Il s'agirait d'une région volcanique aux surfaces géologiquement plus jeunes (datant de la seconde moitié du Guinevérien, soit quelques centaines de millions d'années) que les plaines, elles aussi volcaniques, situées en contrebas et datées de 1,0 à 0,5 Ga mais plus récemment du Fortunien au début du Guinevérien, la chaîne d'Akna Montes semblant même encore postérieure (datant de l'Aurélien, sans doute moins de 50 Ma) à en juger par les déformations constatées sur les terrains adjacents des plaines de Lakshmi.
Un scénario proposé dans les années 1990 pour rendre compte des différentes observations d'alors expose que Lakshmi Planum correspondrait à un bouclier terrestre, c'est-à-dire un fragment d'écorce ancienne d'altitude moyenne, qui aurait subi dans un premier temps des forces d'extension à l'origine d'épanchements de lave fluide à travers des fissures volcaniques à la manière des trapps du Deccan, avant de subir dans un second temps des forces de compression à l'origine des reliefs qui ceinturent le haut plateau et qui semblent postérieurs à sa surface.
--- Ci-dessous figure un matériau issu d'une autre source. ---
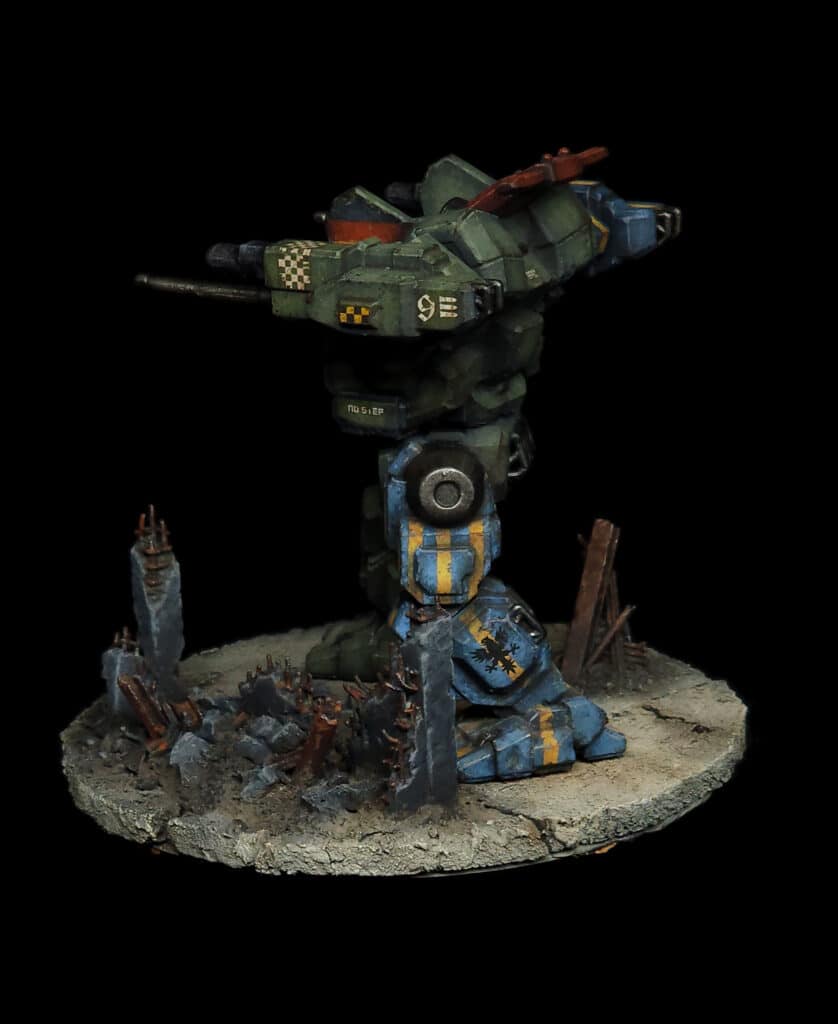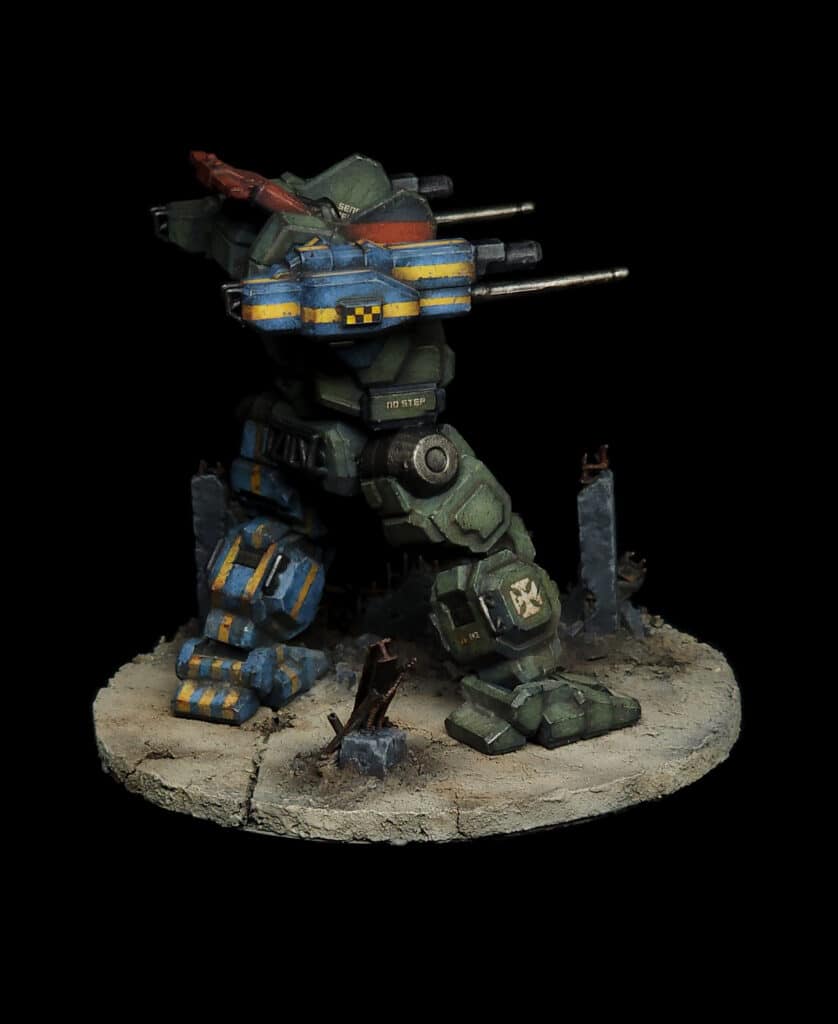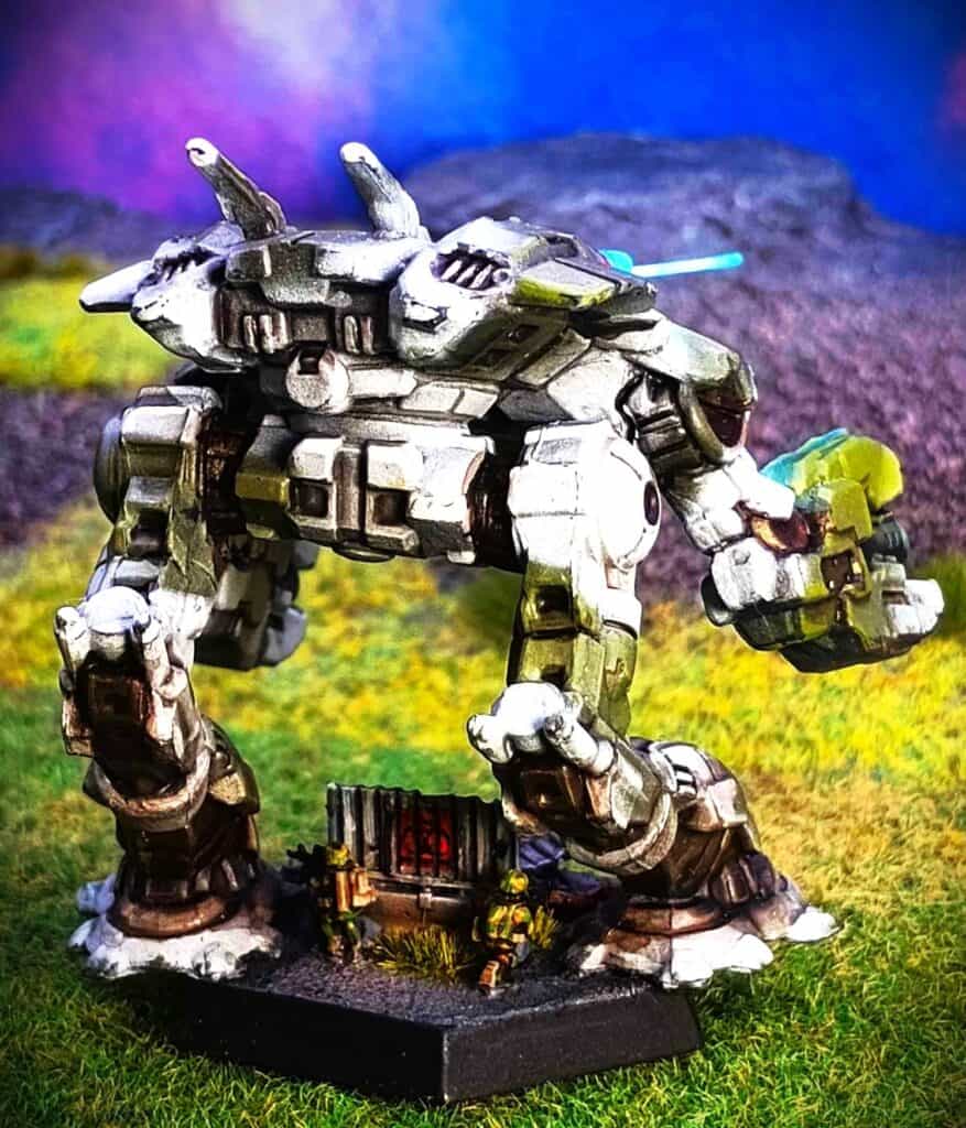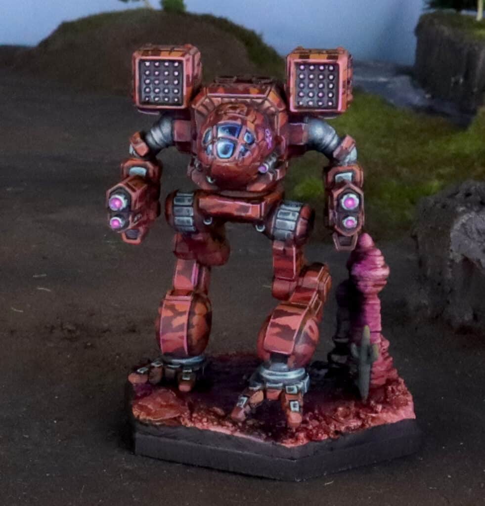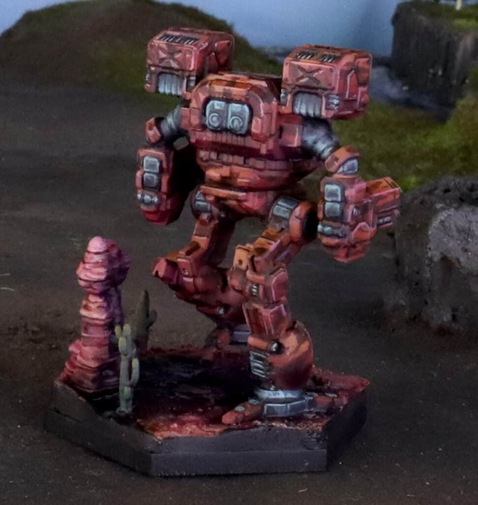 Iota Galaxy has long been Hell’s Horses dumping ground for old warriors, and I wanted to paint a mech befitting a seasoned veteran, ready for retirement, but with maybe one last score to settle or the kids are getting a little too close on their jet skis.
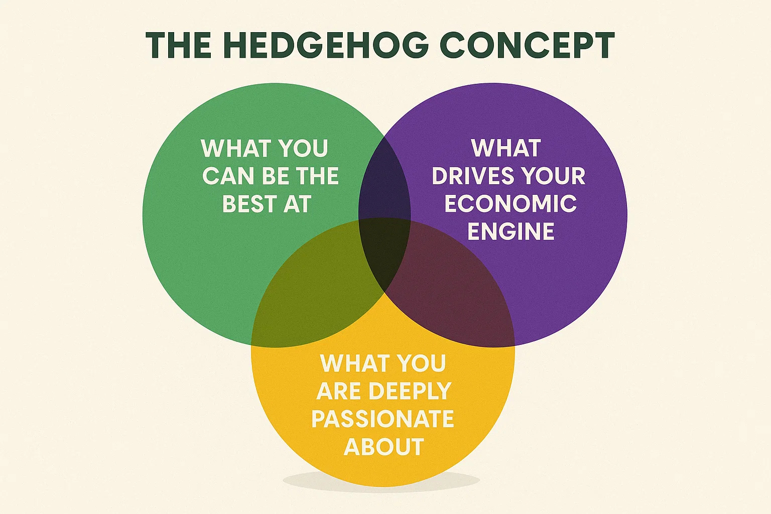Distill your strategy to the intersection of what you excel at, what fuels your profits, and what ignites your passion; this Hedgehog Concept guides every decision like a simple yet powerful defense. Companies without this focus fall into reactive cycles, eroding momentum.
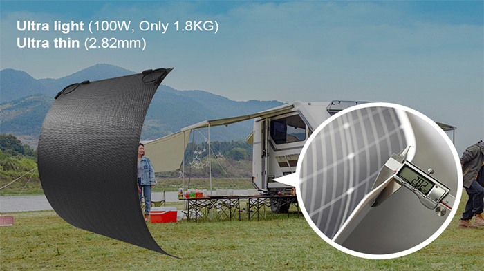 A flexible solar panel is a lightweight, bendable solar module made with thin-film or ultra-thin crystalline solar cells. Unlike traditional glass panels, flexible panels can be mounted on curved or uneven surfaces such as RV roofs, boats, tents, and curved metal roofs.
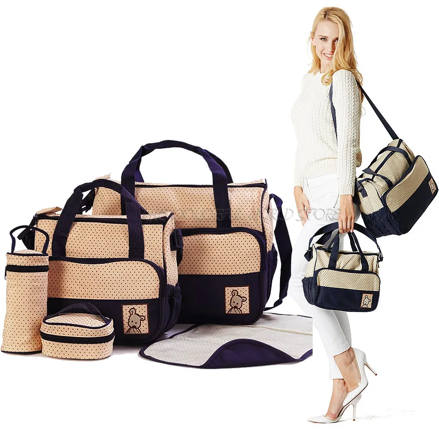 Kopen Goedkoop 5 Stks set Mode Veelkleurige Tote Luierzakken luier tassen Cross body Multifunctionele Mummie Moederschap Baby Bag hoge kwaliteit Prijs
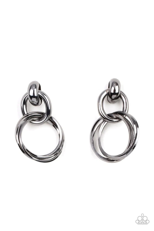 Glistening gunmetal hoops are threaded through a bold gunmetal fitting, adding a timeless twist to the dynamic display. Earring attaches to a standard post fitting.
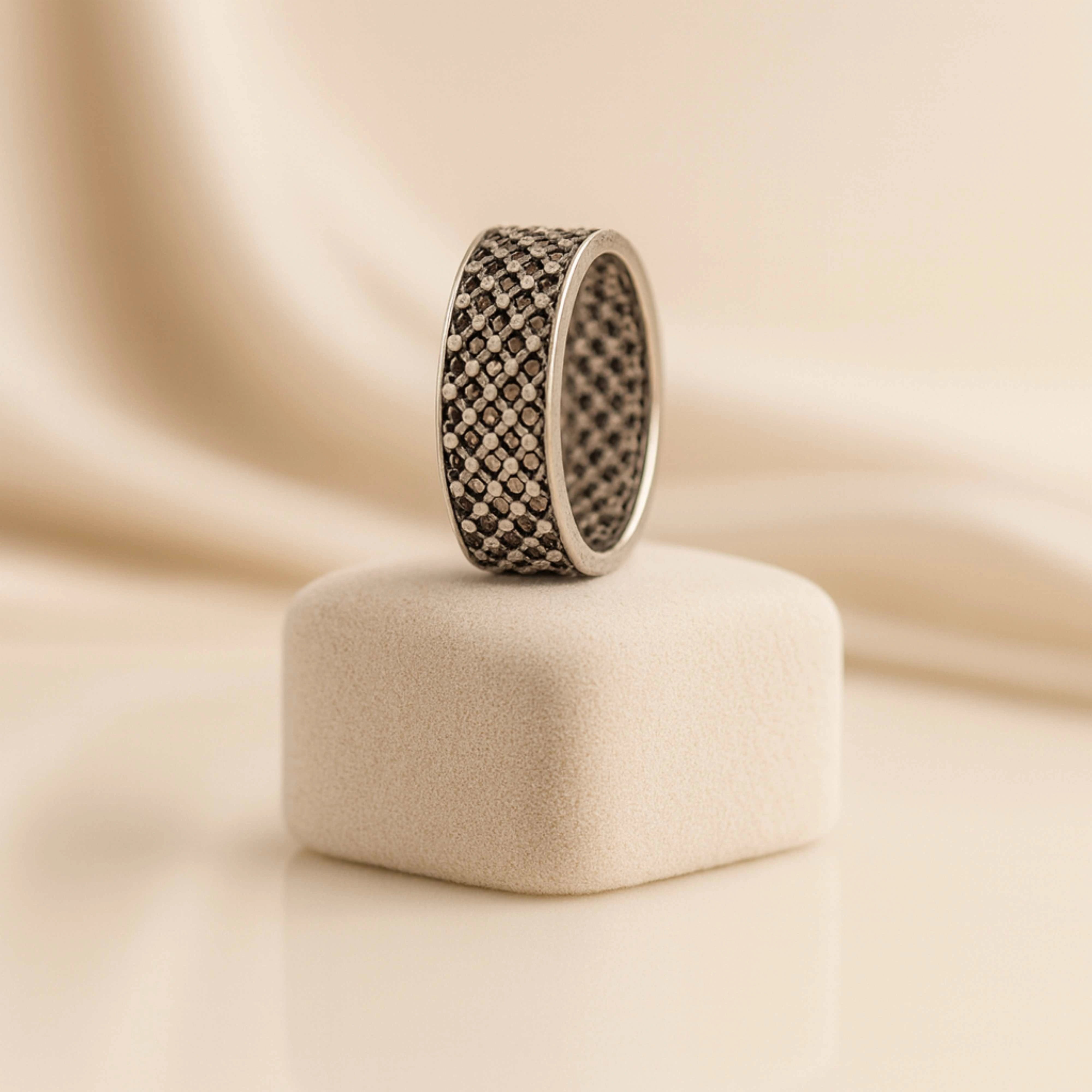 925 Sterling Silver Men’s Oxidized Ring | Rhodium Plated Woven Texture Band
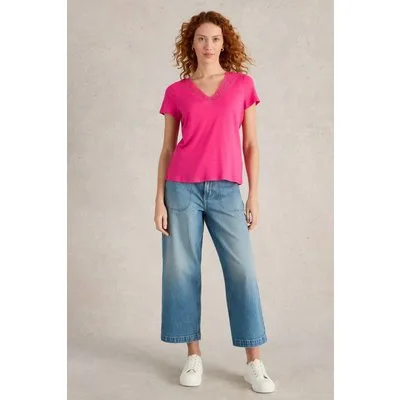 White Stuff Ellie Lace Tee Bright Pink Prijzen
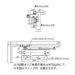 シャープなデザインでコンパクト設計。 取り付けネジが露出しないので外観がスッキリします。 ストップ角度は70°〜 180°までの任意の角度に設定可能です。 [適応ドア寸法]W950mm、H2100mm ●タイプ:パラレル型 ●ドア重量 kg以下:65
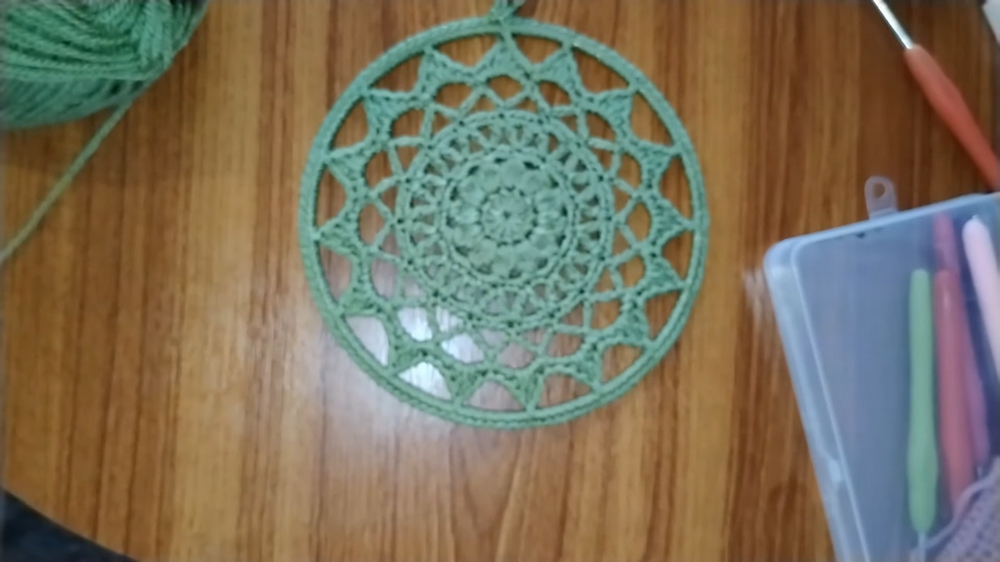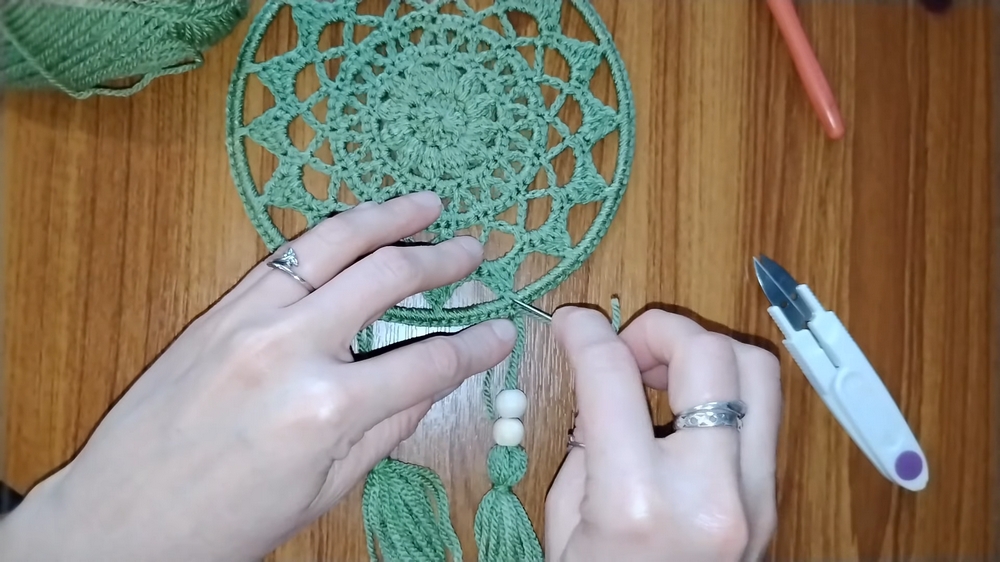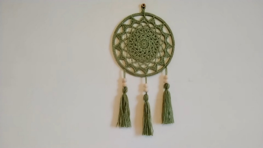 - The finished dreamcatcher features intricate lace-like crochet patterns, forming a decorative centerpiece.
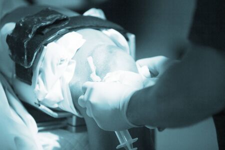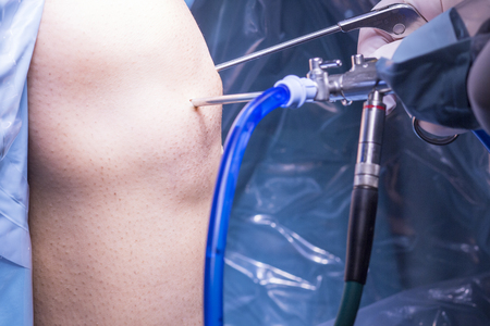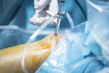 Surgical operation for knee arthroscopy micro surgery in hospital operating theater emergency room of traumatology and orthopedics.
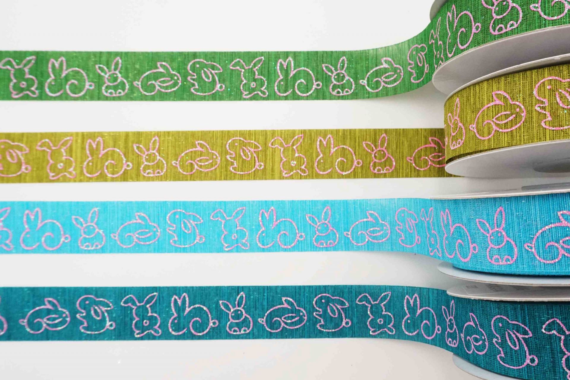 このリボンはイースターバニーを特徴としており、さまざまな走ったり跳ねたりするデザインが施されていて、活気に満ちた雰囲気を演出します。さらに目を引くように、白いキラキラしたオニオンを加え、日光の下で魅力的に輝きます。
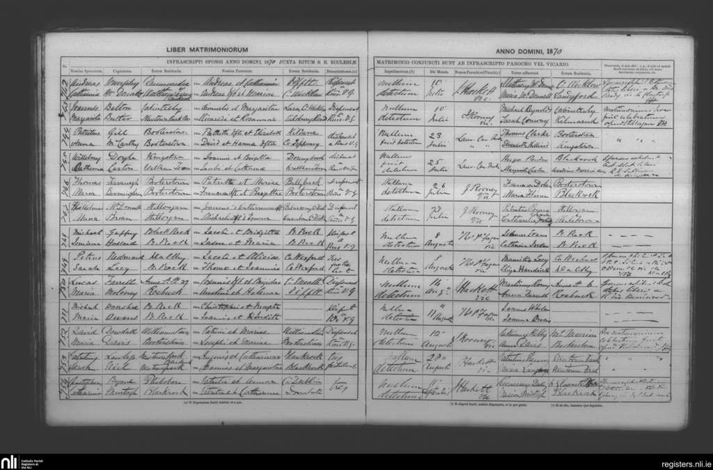 Booterstown; County of Dublin; Archdiocese of Dublin. Marriages, July 1870 to Sep. 1870
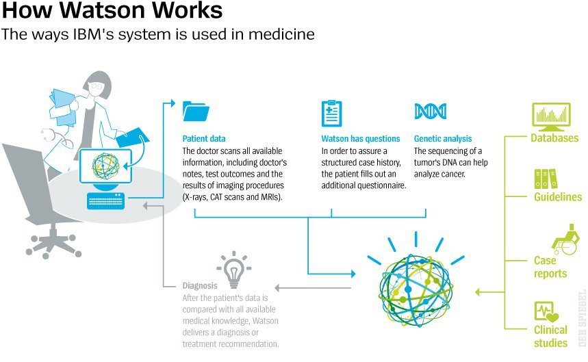 Немецкий журнал Der Spiegel выпустил статью, где отмечает плохие перспективы IBM Watson в германской системе здравоохранения, упомянув хорошо документированные провалы Watson в больницах Марбурга и Гессена. В частности, глава компании Rhön-Klinikum AG, которой принадлежит университетская больница в Марбурге, в феврале этого года так описал эту проблему:

Ce scénario a été affiné lors d'une communication de 1998 au cours de laquelle une distinction a été faite entre d'un côté le nord et l'ouest de Lakshmi, et de l'autre le sud du haut plateau: s'il y a bien eu compression tardive au nord et à l'ouest, le scénario au sud est plus complexe, comprenant la scission par glissement des deux tesserae (Moira à l'ouest et Clotho à l'est) avec, à l'est, des formations d'extension (grabens) et non de compression ; Clotho Tessera est d'ailleurs la région vénusienne présentant la plus forte concentration de structures matérialisant une expansion crustale.
Cette genèse complexe est bien illustrée par les réseaux de stries quasiment orthogonales observés au sud de Lakshmi Planum, entre les plaines volcaniques de Guinevere et de Sedna.